Right now parts of the netroots are rallying around SoapBlox, trying to get it back online in a sustainable way. This speaks well of them, but it’s a mistake. This one-off of a project should never have been trusted with anything worth saving. Who knows what other exploits lurk in its codebase? Or what business problems might take it offline in the future? You can say that opensourcing the project will help resolve these problems, but that’s only true if you can also find developer manpower willing to continue reinventing this particular wheel. Frankly, you’re not going to find high-quality talent that’s willing to donate its time to a cause this pointless.
TechPresident suggests another path:
Options now for SoapBlox include [...] wrapping the platform into the services offered by one of the bigger progressive tech firms like Blue State Digital, EchoDitto, or Advomatic.
Speaking as a someone who until recently worked at EchoDitto, and whose boss is now one of Blue State’s founders, this is also a stupid idea. If one of these firms wants to do this work for free, then sure, the SoapBlox bloggers should jump at the chance. But hiring a consultancy is an option that’s vastly more expensive than what’s needed by these sites — sites which are, frankly, not particularly sophisticated from a technical or design perspective.
Here’s what I would suggest. First, make sure the SoapBlox admin is content to keep the sites up, at least temporarily. Second, find a college-age technical wunderkind who’s interested in politics and willing to work for cheap. These guys are a dime a dozen — I used to be one myself. Third, convince him to write an exporter for the SoapBlox data that puts it in a standardized format. Hooking into this project (found via al3x) might not be a bad idea. Getting the data into a portable form is the priority.
Then, find someone at a consultancy like one of the aforementioned ones who’s willing to help you figure out your requirements and specifications for a new suite of software. The simplest, best option is probably to just run Scoop. It’s what you want anyway; might as well stop nosing around it. I’m not intimately familiar with Scoop, but a quick look at its installation procedure makes it look like the complexity of installing and running it has been vastly overstated. If you don’t do that (or just want to help get the netroots off Scoop — a noble cause), then I’d suggest a hard look at Drupal and maybe Wordpress MU, or maybe Slashcode if for some reason you want to head toward Perl-land.
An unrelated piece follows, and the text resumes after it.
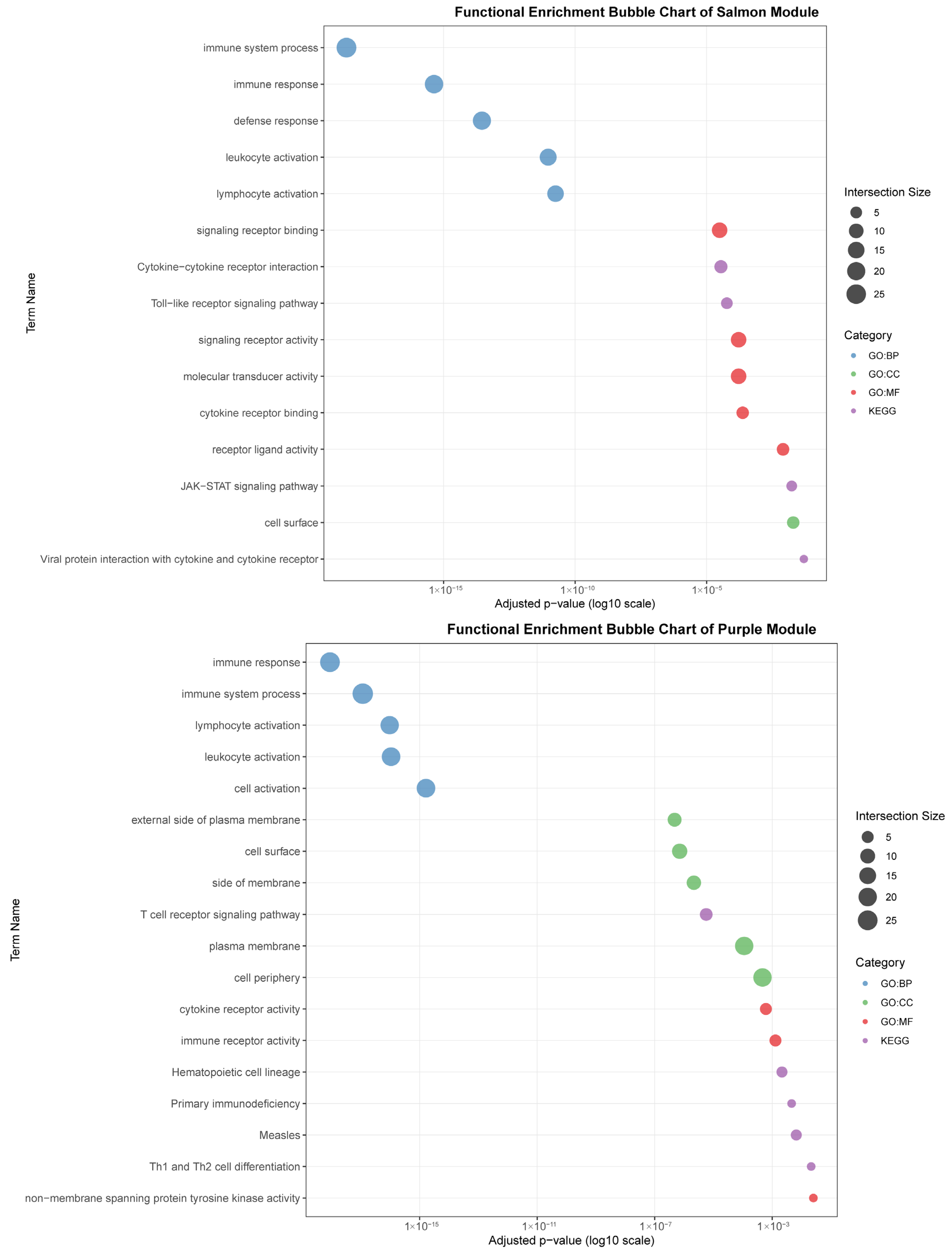 The purple module (44 genes), linked to blood (r = 0.80), was defined by lymphocyte and cell surface activities. Key terms included “lymphocyte activation,” “T cell receptor signaling pathway,” and “cell surface.” Its connection to KEGG pathways such as “Primary immunodeficiency” and “Th1 and Th2 cell differentiation” emphasizes its critical function in blood-cell-mediated immunity and T-cell communication.

You may have to get someone to develop a custom module or two to make the solution maximally Scoop-y, and you’ll certainly need someone who knows their way around the system to help configure it.
But given where the aesthetic bar has been set, this is not a particularly tough problem, and it shouldn’t cost that much money. If this community can afford to send people to Netroots Nation or the DNC, it can surely afford a minor investment in its critical infrastructure. Oh, and one more thing: when users inevitably raise a hue and a cry because the order of links on the sidebar has changed, or because they have to reconfirm their email address, or because of some other stupid thing, you should ignore them. They just want attention. Learning new systems and habits is a pain, but not nearly so painful as continuing to limp along in a system that never should have been used in the first place.